# Will the USCutter 24" Laserpoint Vinyl Cutter work with CorelDraw X4?



## leisure (Mar 3, 2007)

Can someone let me know there feedback on this plotter and will it work with Corel X4.Thanks
NEW USCutter 24" Laserpoint Vinyl Cutter w/CONTOUR CUT
Laser alignment for true CONTOUR CUTTING - USCutter!


----------



## odoyale rules (Apr 12, 2009)

*Re: Uscutters*

Hey. I don't know if it will work with Corel X4, but I have the cutter, and it works great. I got it a few months ago, and it has just about paid itself off. It's cheap, and does the job.


----------



## veedub3 (Mar 29, 2007)

*Re: Uscutters*

I have it also and yes it works with X4. Works good, have not used the contour cutting feature yet though.


----------



## sailorpatp (Jun 19, 2008)

*Re: Uscutters*



veedub3 said:


> I have it also and yes it works with X4. Works good, have not used the contour cutting feature yet though.

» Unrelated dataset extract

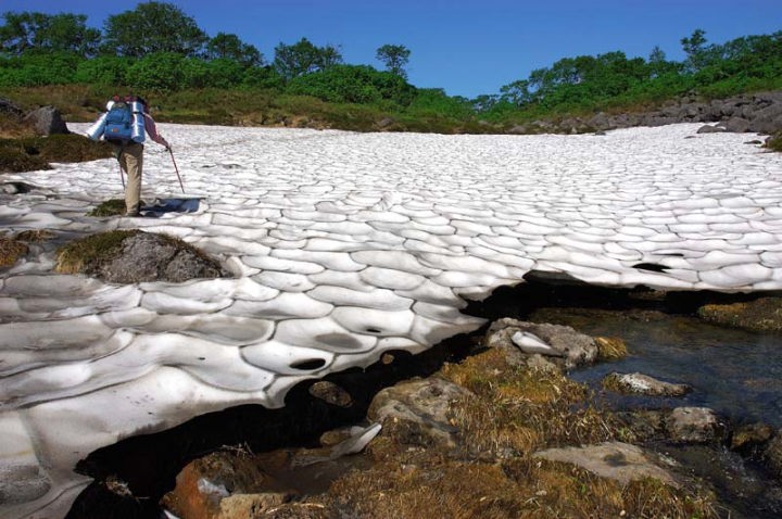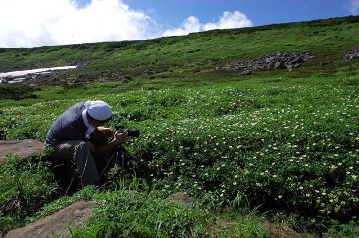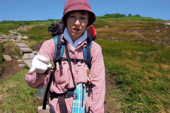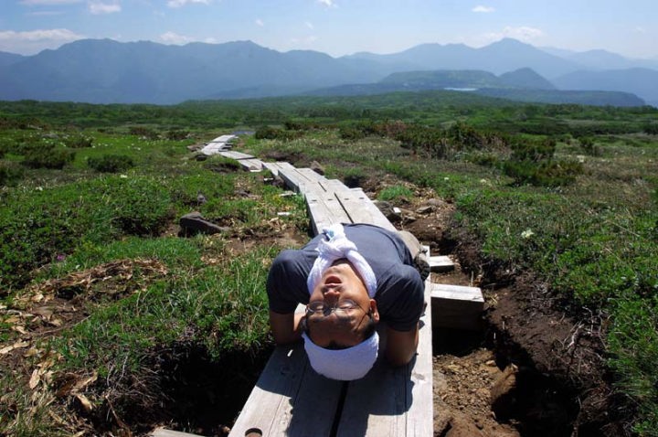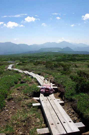 | 小休止し、さらに歩みを進めてゆきます。このような木道が各所に設置されておりまして、山深い場所にご苦労だな〜と感心です。登山道脇にはいろいろな花が見られるようになりました。ミヤマキンバイ、キバナシャクナゲとエゾコザクラなどなど。 そして、雪渓の上には、結構な数のトンボが動けなくなっています。 雪の上に止まったはいいけど、寒くて弱ってしまうのでしょうか…。 そして、五色ヶ原と呼ばれる花の名所の手前で、きれいな撮影ポイントを見つけましたので、小1時間撮影に没頭しました。その間、妻は、あまりの気持ちの良さに、登山道の真ん中で寝てしまいました…。と言っても、私が近辺に居ましたので、他の登山者が来られたら直ぐに起きられるようにはしておきました。でも結局小1時間誰も来ませんでした…。 それにしても気持ちのよい登山日和です。 私も、一撮影終えてから、次なる高みを目指し、足運動をしましてほぐします。 |

Can you cut right from X4?
I have the laserpoint 24" hooked up to a laptop so I can keep it away from where my main computer is and I have to import a eps file to signblazer from Corel X4.
I am just wondering if I can cut right from Corel if I move the cutter.


----------



## taricp35 (Dec 10, 2008)

*Re: Uscutters*

I am using x4 also but I do not use the sign blazer software that came with the laserpoint I am using sign cut x2. I just got my Laserpoint about 2 weeks ago and when I called tech support about connection issues he remote accessed my computer and correctly set up my cutter to cut with sign balzer (even though I don't use it) and the sign cut x2 software and with sign cut yes I cut straight from corel draw. Sign cut has a plug in not sure about sign blazer though. I installed it but have not done anything else with it so I do not know if you can cut straight from corel .


----------



## leisure (Mar 3, 2007)

*Re: Uscutters*



odoyale rules said:


> Hey. I don't know if it will work with Corel X4, but I have the cutter, and it works great. I got it a few months ago, and it has just about paid itself off. It's cheap, and does the job.


Thank you for such a quick response.Thinking about taking on a 2nd machine and for the money it looked GREAT but looks can be deceiving so thats why I asked!!!!!God Bless and please remember all the people of Haiti.


----------



## Nvr2Old (Oct 14, 2009)

*Re: Uscutters*



leisure said:


> Can someone let me know there feedback on this plotter and will it work with Corel X4.Thanks
> NEW USCutter 24" Laserpoint Vinyl Cutter w/CONTOUR CUT
> Laser alignment for true CONTOUR CUTTING - USCutter!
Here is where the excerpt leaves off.